If you're like me you recently received a post card in the mail from Terminex promising that, for $30 a month they'll keep your house free of termites. Science Daily reports that gases used to perform this miracle stay in the air six to ten times longer than previously believed. Just a thought before you call.

Bank of America has repaid $400 million of its $45 billion taxpayer handout and they're so confident of their future that they're offering cash-back on purchases made of imported Chinese goods at Wal*Mart and Target. Maybe they're due for a name change. Maybe I'm wrong. Maybe, as a way of saying thanks to your grand children for bailing them out, they might offer cash back on goods and services made in America instead?

Website Watch:

Hi-Wire brings us something fun to play with, the State and Congressional District Resource for Well-Being. In an unprecedented alliance for American health transformation, Gallup, Healthways and America's Health Insurance Plans (AHIP) are providing a new national pulse of individual and collective health and well-being, as well as solutions for a healthy America. According to the report, the 19th Congressional District scores a 67.2 overall. The happiest Congressional District is Anna Eshoo's in California's Silicon Valley with a 73.5 rating and the saddest is Hal Roger's coal mining district in Kentucky with a 56.2 rating. Overall, Massachusetts is the happiest state and Mississippi is the saddest.

And now, the News:

  1. Mahopac commuter lot angers residents
  2. Putnam exec vetoes vote to cap landfill
  3. In Staten Island, Harnessing the Wind
  4. America cheers as satirist delivers knockout blow to TV finance gurus
  5. Wall Street is feeling unloved
  6. Enthusiasm runs deep for Hudson's 400th anniversary
  7. Hudson River Panorama
  8. Traffic Exposure May Trigger Heart Attacks


Mahopac commuter lot angers residents

Barbara Livingston Nackman
The Journal News

MAHOPAC - Residents living near a soon-to-be 60-space commuter parking lot at Mt. Hope Road and Route 6 are seeing red rather than ecofriendly green.

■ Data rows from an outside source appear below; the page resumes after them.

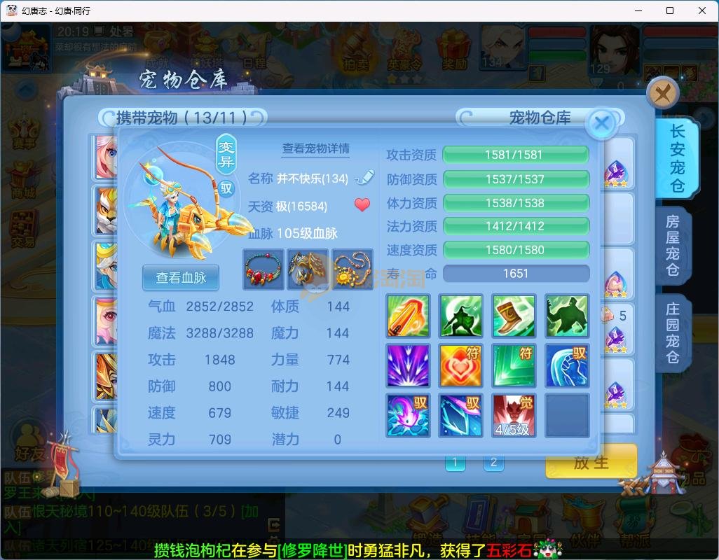 幻唐同行飞129天策12混高级庄园多皮肤内丹神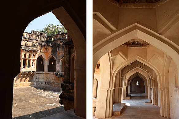 Step into Hampi’s Zenana [ladies] enclosure and you may well wonder if you’re still in staunchly Hindu Vijayanagar. Turkic-Persian lobed arches and ornate domes merge with Indic lotuses and kirtimukhas in the Lotus Mahal, Queen’s Bath, and Royal Stables to create an architectural ensemble that sits in stark contrast to the rest of purist Hampi.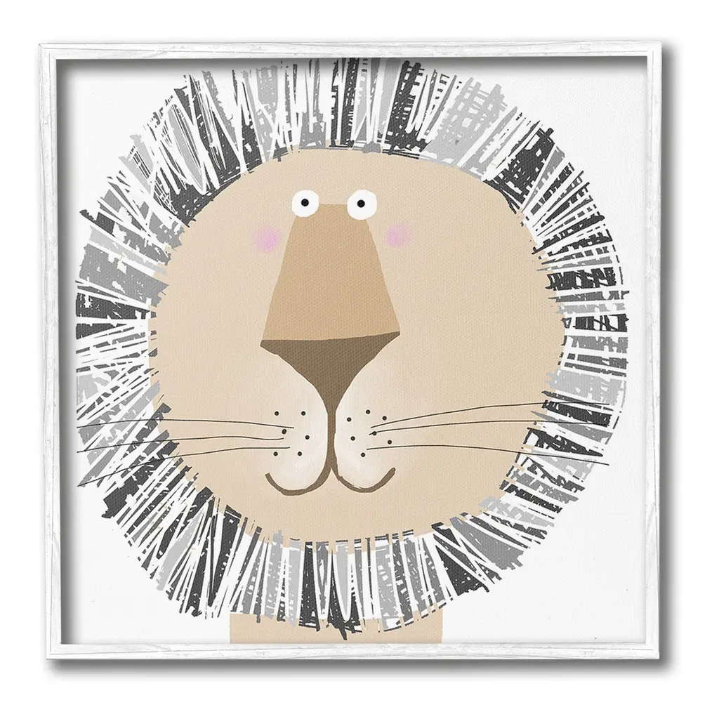 Elevate your home or office to the next level with Stupell Framed Floating Canvas Wall Art. Our premium hand-stretched canvas is mounted securely into a sturdy lightweight frame. The museum-style gap between the wrapped canvas and the box frame gives the illusion of floating artwork. Stupell Wall Art is made in the USA.Features: Dimensions: 18 x 1.7 x 18 Frame, 17 x 1.5 x 17 Canvas ArtFloating Frame Canvas Products are available in sizes 18"x18" and 25"x25". All Floating Frame Canvas Products have a 1.7" Depth.Wall Art is Ready to Hang with Hardware Free Hanging. No Installation required. For Easy Set Up Lean or Layer Artwork on Shelf or Against Wall. Artwork is Permently Fixed into the Frame.Our elevated 1.7" Thick Floating Frame is the perfect complement to our canvas style Wall Art. We use only the highest quality inks in house with industry leading printing solutions. Canvas is hand stretched over a durable wood foundation and then mounted securly into a Modern Box Frame. Made in the USA.Artwork Relates To: Animal, Cartoon, Wildlife, Jungle, Minimal, Whimsical, LionDesign by Carla Daly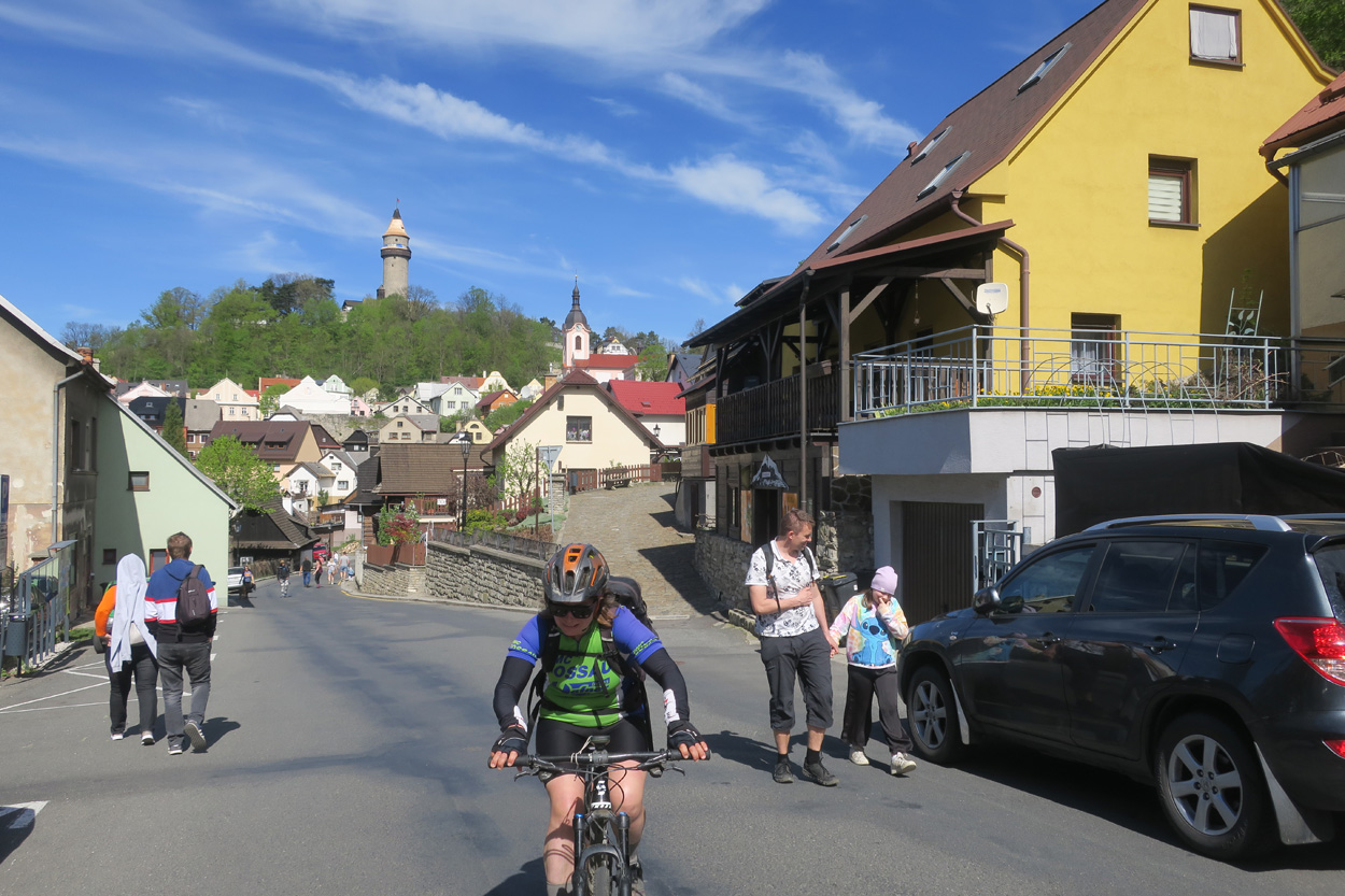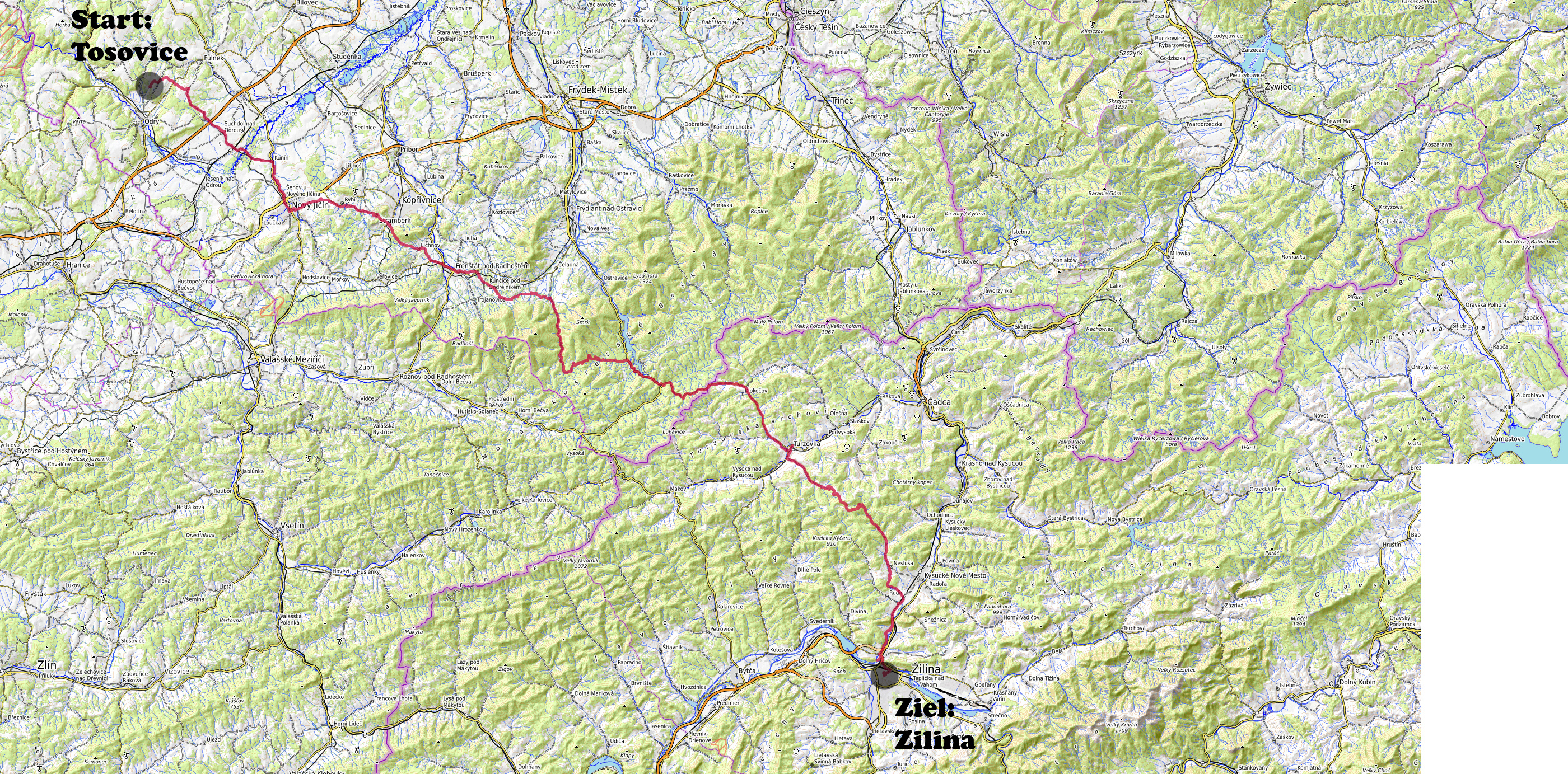Heute Morgen gab es das Frühstück leieder erst um 8 Uhr aber es war zumindest sehr gut. Etwa um 8.45Uhr konnten wir dann starten. Zuerst ging es über Feldwege und dann auf Nebenstrassen in die Stadt Novy Jicin. Im Zentrum von Novy Jicin bot sich dann ein Laden zum Kauf von Proviant an. Danach ging es meist auf Velorouten nach Stramberk. Hier schauten wir uns dann noch das Schöne historische Zentrum unterhalb der Burg an. Danach ging es weiter zur Stadt Frenstat pod Radhostem. Etwa 6km später fuhren wir dann in ein Tal hinein mit bewaldeten Hügeln. Hier ging es dann auf einer Forststrasse über ein 750m hohes Pässli in Richtung des Vodni nadrz Sance Stausee. Von dort radelten wir dann auf der Hauptstrasse über ein gut 700m hohes Pässli hinüber in die Slowakei. Etwa um 14.45Uhr erreichten wir dann die grössere Ortschaft Turzovka. Hier besuchten wir dann eine einfache Kneipe wo es Pommes und Wurst gab. Leider waren wir durch ungünstigen Gegenwind und wegen dem eher späten Start hinter meiner erdachten Marschtabelle. Somit war mein Ursprüngluches Ziel in der Nähe der Polnischen Grenze nicht mehr zeitig erreichbar. Als Alternative fuhren wir dann um 15.30Uhr über ein Pässli mit einer Naturpiste direkt zur mittelgrossen Stadt Zillina. Hier kamen wir dann etwa um 18Uhr an. Bevor wir hier ins Zentrum fuhren suchten wir noch das Schloss Budatinski Hrad auf. In Zilina nahmen wir dann ein Zimmer an der besten Adresse, einem 4 Sterne Hotel am Rande des historischen Zentrums für 145€. Fürs Abendessen suchten wir dann an diesem Ostersonntag um 19.30Uhr eine Pizzeria auf. Die Pizza war so mässig gut und es machte den Anschein, als ob das Personal schnellst möglich Feierabend wollte.

They are upset with the county project, saying it is too large and proper notification was not given about the work that has taken down at least 100 trees.

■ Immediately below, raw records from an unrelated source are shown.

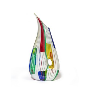 Un vaso della serie 'bandiere' in vetro a canne colorate.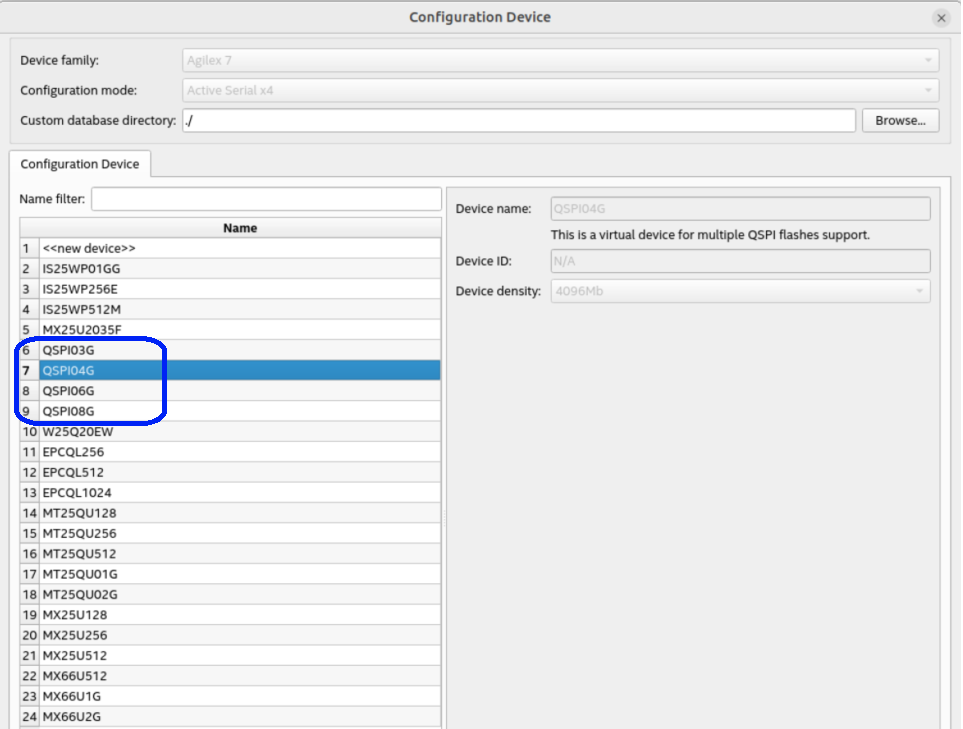 This page is an extension of the Agilex 7 SoC HPS Remote System Update Example and will show you how to build RSU images with multi QSPI support. This feature allows you to extend the flash space available to store the RSU applications so the size of these could be increased. This feature allows you to support up to 4 QSPI flash devices of the same model (i.e. same size).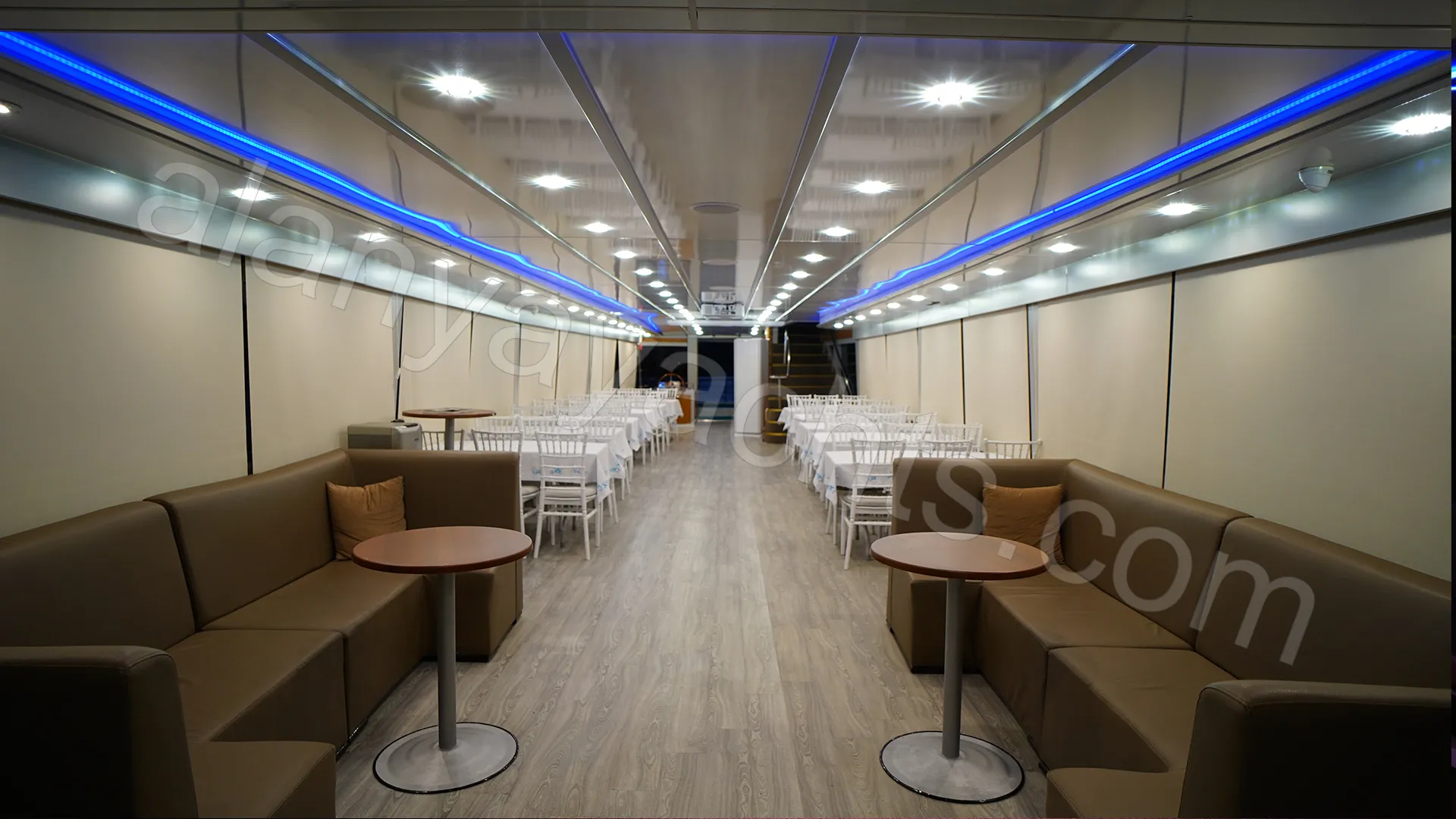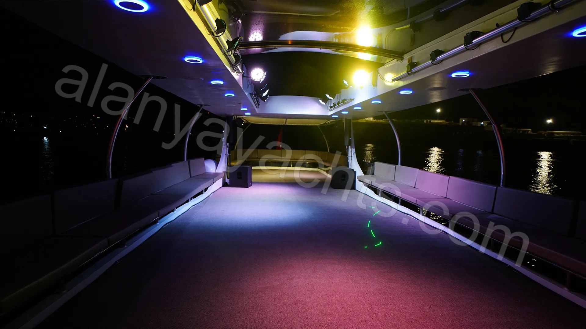 Both programmes depart from the port of Alanya. The daytime programme is ideal for corporate meetings and daytime events with a relaxed atmosphere, sunbathing, swimming stops and panoramic coastal views. The evening programme begins at sunset and transforms the LED- and laser-lit deck into an open-air dance floor with a live DJ set.

It is part of a nearly $3.4 million effort to increase commuter parking spaces countywide from 116 to 379 spaces in five locations and improve regional air quality.

Controversy about the Mahopac lot has prompted town officials to schedule a public meeting Wednesday night following its regular meeting, which begins at 7 p.m. County officials have said the work must continue, but promised to consider changes.

Read More

Putnam exec vetoes vote to cap landfill

Susan Elan
The Journal News

CARMEL - Putnam County Executive Robert Bondi yesterday vetoed the Legislature's decision to choose capping the county's former landfill as the best solution to address a state-ordered cleanup.

Bondi urged legislators to reconsider his recommendation to remove the waste to the former Southeast landfill. The town, also under a state Department of Environmental Conservation order, must cap its 13-acre site on Lower Mine Road and needs fill for the job.

Bondi said in his veto message that the waste removal was "without a doubt more environmentally and financially beneficial" and "would restore, reclaim and preserve this property for future generations."

Legislators didn't see it that way when they voted overwhelmingly March 3 to cap the former 4-acre landfill off Old Route 6 in Carmel, a remedy they said would cost less and was more likely to reflect the initial estimate.

Read More

In Staten Island, Harnessing the Wind

By JAKE MOONEY
STAND for a moment by the shores of Arthur Kill, on the southwestern coast of Staten Island, and look past the choppy waves at the fuel storage tanks of Sewaren, N.J.

Stroll toward the water’s edge, by rotting barges from the old Kreischer brick factory and through a 190-unit town-house complex being built on the factory’s former site in Charleston. Then glance back, up a hill, to the vacant house once owned by a son of the company’s founder, and listen to the faint whistling and hum overhead.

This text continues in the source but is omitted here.